Como ocorria com os (poucos) advogados de presos políticos, ele foi preso ilegalmente e sofreu ameaças, inclusive promovidas pelos grupos paramilitares de direita, responsáveis por diversos atentados no governo do general Figueiredo.
Vejam o panfleto ao lado, de 1980 (ele está no acervo do Deops/SP, no Arquivo Público do Estado de São Paulo). Modesto da Silveira é o terceiro dos alvos, que envolvem gente que havia sido de grupos da esquerda clandestina, nomes da Igreja, das artes, sindicatos e da política institucional.
Dalmo Dallari, referido pelos terroristas, havia sido capturado e espancado em 1980, depois de haver sido preso ilegalmente. O capítulo "A atuação dos advogados na defesa dos presos políticos" da Comissão da Verdade do Estado de São Paulo "Rubens Paiva" conta o episódio, jamais esclarecido pela polícia, que facilitava os múltiplos atentados dessa época por meio da garantia da impunidade:
Os atentados terroristas contra o lento processo de abertura política, que vitimaram jornais de esquerda, militantes políticos, sindicatos, atingiram também os advogados. Em São Paulo, pode-se lembrar do atentado a Dalmo Dallari, que foi capturado e espancado em 2 de julho de 1980, pouco antes da visita do Papa João Paulo II ao Brasil. Segundo o advogado: “durante a greve dos metalúrgicos de São Paulo, foi preso juntamente com outro advogado ligado à Igreja, José Carlos Dias, e que a impunidade dos que o prenderam serviu para encorajar atos como o que aconteceu à porta de sua casa”.
Com efeito, em 19 de julho do mesmo ano ele havia sido preso imotivadamente por agentes à paisana e levado ao DEOPS/SP. O Secretário de Segurança Pública, o Desembargador Otávio Gonzaga Jr., apenas afirmou, assegurando a impunidade do aparelho de repressão, que não sabia quem o prendera, e que tudo ocorreu por causa do dia confuso, em que Luís Inácio Lula da Silva também havia sido preso, por causa da greve dos metalúrgicos.

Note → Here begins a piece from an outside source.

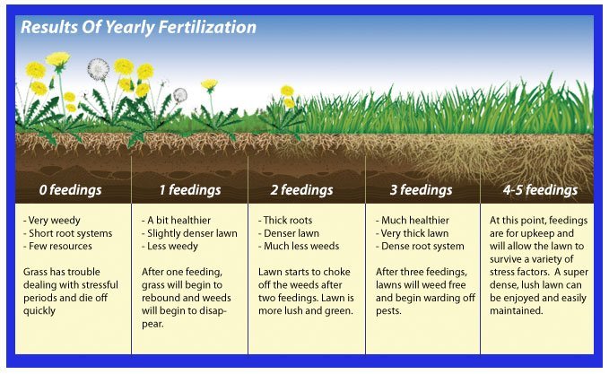 - Fertilize 2–4 times per year depending on grass type and soil condition — typically spring and fall for cool-season grasses, late spring and summer for warm-season lawns.

O delegado Romeu Tuma negou-se a permitir a identificação dos agentes do DEOPS/SP que teriam cometido o atentado. A investigação foi arquivada sem apontar culpados.
A própria Ordem passou a sofrer ameaças de atentados, o que culminou, no Rio de Janeiro, em agosto de 1980, com a morte da secretária Lyda Monteiro da Silva devido à explosão de carta destinada ao presidente do Conselho Federal da OAB, Eduardo Seabra Fagundes.
Embora o capítulo dessa Comissão se concentre, evidentemente, nos advogados com atuação em São Paulo, Modesto da Silveira é nele citado como uma das referências da época.